Not only is Hallgrimskirkja a beautiful church to visit, the view from the top is the best in the city. The best news: There is an elevator! (A rare commodity in beautiful European churches we have discovered, much to the devastation of our quads…)
Tickets to to the top cost 900 ISK for adults and 100 ISK for children (7-14).
The Harpa is a magnificent glass concert hall located near the waterfront. It is the performance venue for the Icelandic Symphony Orchestra and other events, but we enjoyed simply touring the building.
Entry is free when there is no concert.
Not far from the Harpa concert hall you will find the Sun Voyager, a sculpture by the Icelandic artist Jón Gunnar Árnason. He created the sculpture, which resembles an ancient ship, to commemorate the 200th anniversary of the city of Reykjavik. It is also a great spot for a photo op.
For a beautiful look at day-to-day Icelandic life, head to Tjörnin Pond. Even in winter swans brave the water for a dip (a portion of the pond remains thawed due to geothermal water).
We enjoyed watching families with little children gathering to feed the birds, and couples passing on an evening stroll.
If you’re in Rekyjavik over a weekend, check out Kolaportið, an indoor flea market located near the harbor. Vendors sell everything from sweaters knit with Icelandic sheep’s wool to vintage records and books.
Shop on Laugavegur
Iceland is a notoriously expensive country, so it shouldn’t be surprising that we experienced sticker shock while shopping in Reykjavik. But even though we couldn’t afford anything more expensive than a pretentious coaster, we enjoyed strolling down Laugavegur, Reykjavik’s most popular shopping street.

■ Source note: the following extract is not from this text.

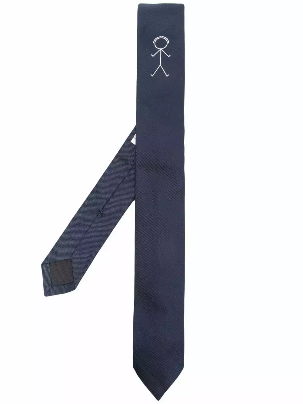Crafted from smooth pure silk, this necktie from Thom Browne’s AW21 collection has a subtle diagonal pattern of construction. Contrasting with a sober navy blue background is the brand’s signature stick motif – Mr. Thom.

The National Museum of Iceland
If you’re interested in learning more about Icelandic history (or are just looking for an excuse to go inside long enough to regain feeling in your toes), check out The National Museum of Iceland.
Exhibits trace Iceland’s history from its early settlers to the present day, and give visitors a good understanding of Icelandic culture.
Admission costs 1500 ISK for adults, 750 ISK for students, and children under 18 can enter for free.